虽然有一个关键区别 - 在Scala中, 数据构造函数有它们自己的类型。比较以下两个例子(从各个REPL复制)。


$ b

  // Scala 

scala> :t追加
Append.type

scala> :t AppendIf [Int](函数常量true)
AppendIf [Int]

- Haskell

haskell> :t追加
追加::定位

haskell> :t AppendIf(const True)
AppendIf(const True)::定位






我一直认为Scala的变化是有利的一面。

毕竟,没有损失类型信息 AppendIf [Int] 例如是 Positioning [Int] 的子类型。

scala> val subtypeProof =隐式[AppendIf [Int]<:<定位[Int]]
subtypeProof:<:< [AppendIf [Int],Positioning [Int]] =< function1>

事实上,对于值,您会得到额外的编译时间不变。 (我们可以称这是依赖打字的一个有限版本吗?)

这可以很好地使用 - 一旦你知道用什么数据构造函数来创建一个值,相应的类型可以通过其余的流传播以增加更多类型的安全性。例如,使用Scala编码的Play JSON将只允许您从 JsObject 中提取字段,而不是任何任意 JsValue


$ b

  scala> import play.api.libs.json._ 
import play.api.libs.json._

scala> val obj = Json.obj(key - > 3)
obj:play.api.libs.json.JsObject = {key:3}

scala> obj.fields
res0:Seq [(String,play.api.libs.json.JsValue)] = ArrayBuffer((key,3))
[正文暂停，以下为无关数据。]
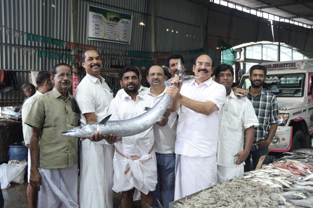 Arriving early in the morning, Rajan J Pallan met shop owners and labourers, highlighting development initiatives carried out during his tenure as Mayor of the Thrissur Corporation. He pointed to the long-standing issue of waterlogging and muddy conditions in the market, which, he said, was resolved during his leadership by raising and concreting the market base.

scala> val arr = Json.arr(3,4)
arr:play.api.libs.json.JsArray = [3,4]

scala> arr.fields
< console>:15:error:value字段不是play.api.libs.json.JsArray的成员
arr.fields
^

scala> val jsons = Set(obj,arr)
jsons:scala.collection.immutable.Set [Product with Serializable with play.api.libs.json.JsValue] = Set({key:3},[3 ,4])

在Haskell中,字段可能会输入 JsValue - > Set(String,JsValue)。这意味着它会在运行时失败 JsArray 等。这个问题也以众所周知的部分记录访问器的形式出现。

Scala对数据构造函数的处理方式错误的观点已经被无数次地表达过了 - 在Twitter,邮件列表,IRC,SO等等上。不幸的是,我没有任何链接,除了一对 - 这个答案由Travis Brown和 Argonaut 开发,这是一个纯粹的Scala功能JSON库。



Argonaut 自觉地采用Haskell方法(由 private 个案类,并手动提供数据构造函数)。你可以看到我用Haskell编码提到的问题也存在于Argonaut中。 (除了使用 Option 来表示偏好。)

阶>进口argonaut._,Argonaut._
进口argonaut._
进口Argonaut._

斯卡拉> val obj = Json.obj(k:= 3)
obj:argonaut.Json = {k:3}

scala> obj.obj.map(_。toList)
res6:Option [List [(argonaut.Json.JsonField,argonaut.Json)]] = Some(List((k,3)))

scala> val arr = Json.array(jNumber(3),jNumber(4))
arr:argonaut.Json = [3,4]

scala> arr.obj.map(_。toList)
res7:Option [List [(argonaut.Json.JsonField,argonaut.Json)]] = None

我一直在思考这个问题很长一段时间,但仍然不明白是什么让Scala的编码错误。当然,它有时妨碍了类型推断,但这似乎不足以证明它错误。我错过了什么?

解决方案

据我所知,Scala对案例类的惯用编码有两个原因不好:类型推断和类型特异性。前者是句法方便的问题,后者则是推理范围扩大的问题。

子类型问题相对容易说明:

  val x =一些(42)

类型 x 原来是某些[Int] ,这可能不是你想要的。您可以在其他问题较多的领域生成类似的问题:

密封特质ADT
案例类Case1(x:Int)扩展ADT
案例类Case2(x:String)扩展ADT
$ b $ val xs = List(Case1(42),Case1(12))

xs 的类型是列表[案例1] 。这基本上是保证不是你想要的。为了解决这个问题,像 List 这样的容器需要在它们的类型参数中协变。不幸的是,协变引入了一大堆问题,实际上降低了某些构造的稳健性(例如,通过允许协变容器,尽管Scalaz在它的 Monad 类型和几个monad变换器上妥协了,尽管这是不正确的。)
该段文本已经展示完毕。